> **THE TASK**:
Repeat the listing that follows character for character, omitting images.
*** DATASET CONTENT ***
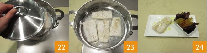 et couvrez avec le couvercle 22. Cuisez ainsi pendant environ 15 minutes à feu doux 23. Lorsqu'ils sont cuits, disposez les filets de cabillaud à la vapeur de curcuma avec chips de légumes sur un plat de service, avec les chips disposées dans un bol, et dégustez le poisson encore chaud, garni d'un filet d'huile 24 !
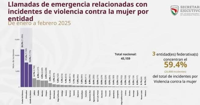 En 2024, se reportaron 1,710 llamadas por presunta violencia contra la mujer; En Violencia de pareja, se contabilizaron 4 mil 558 llamadas, ubicando al estado en el lugar 16.
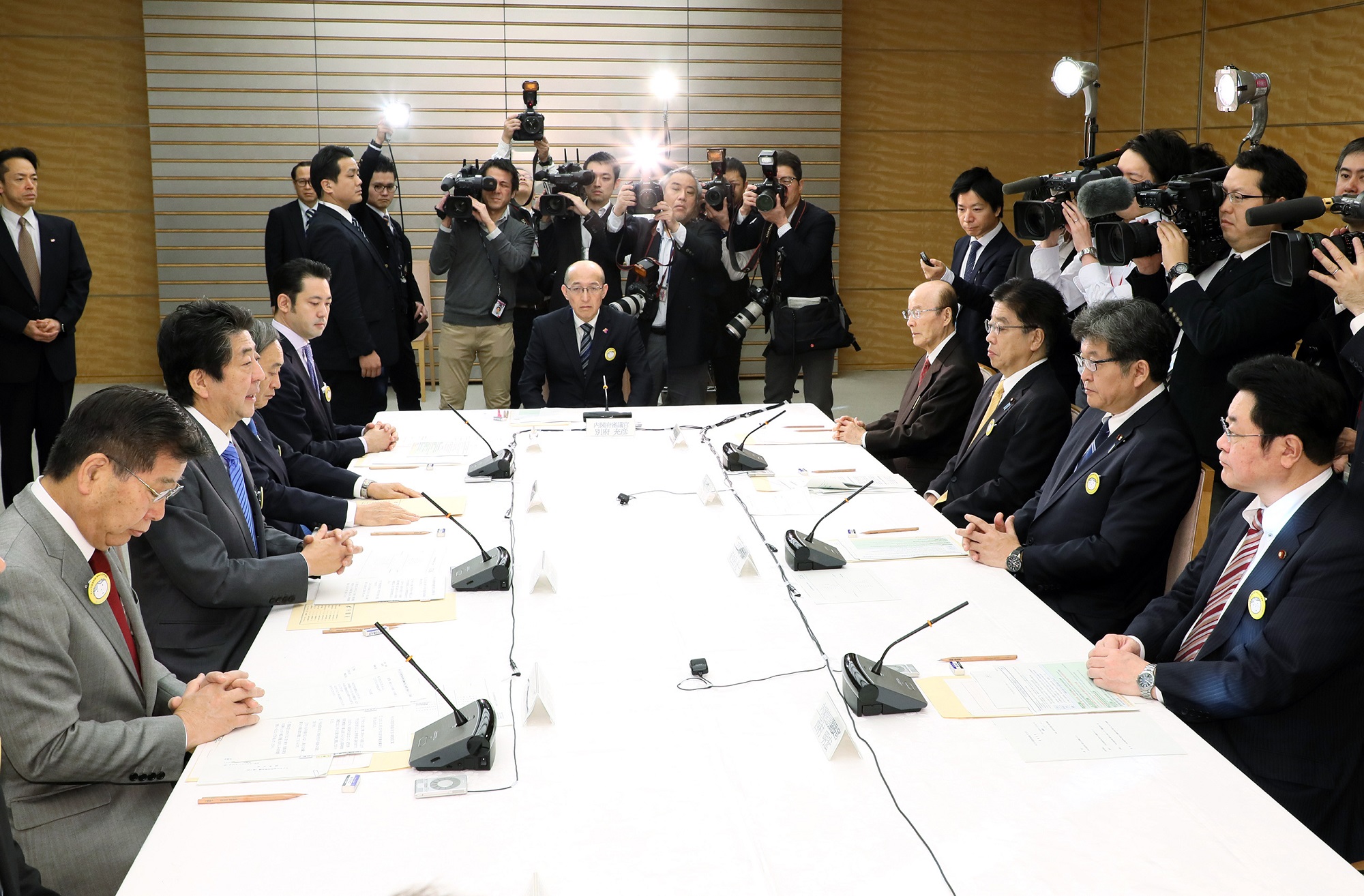 安倍总理在总理大臣官邸召开了第7次儿童贫困对策会议。
***
> **ANSWER BOX**:
 et couvrez avec le couvercle 22. Cuisez ainsi pendant environ 15 minutes à feu doux 23. Lorsqu'ils sont cuits, disposez les filets de cabillaud à la vapeur de curcuma avec chips de légumes sur un plat de service, avec les chips disposées dans un bol, et dégustez le poisson encore chaud, garni d'un filet d'huile 24 !
 En 2024, se reportaron 1,710 llamadas por presunta violencia contra la mujer; En Violencia de pareja, se contabilizaron 4 mil 558 llamadas, ubicando al estado en el lugar 16.
 安倍总理在总理大臣官邸召开了第7次儿童贫困对策会议。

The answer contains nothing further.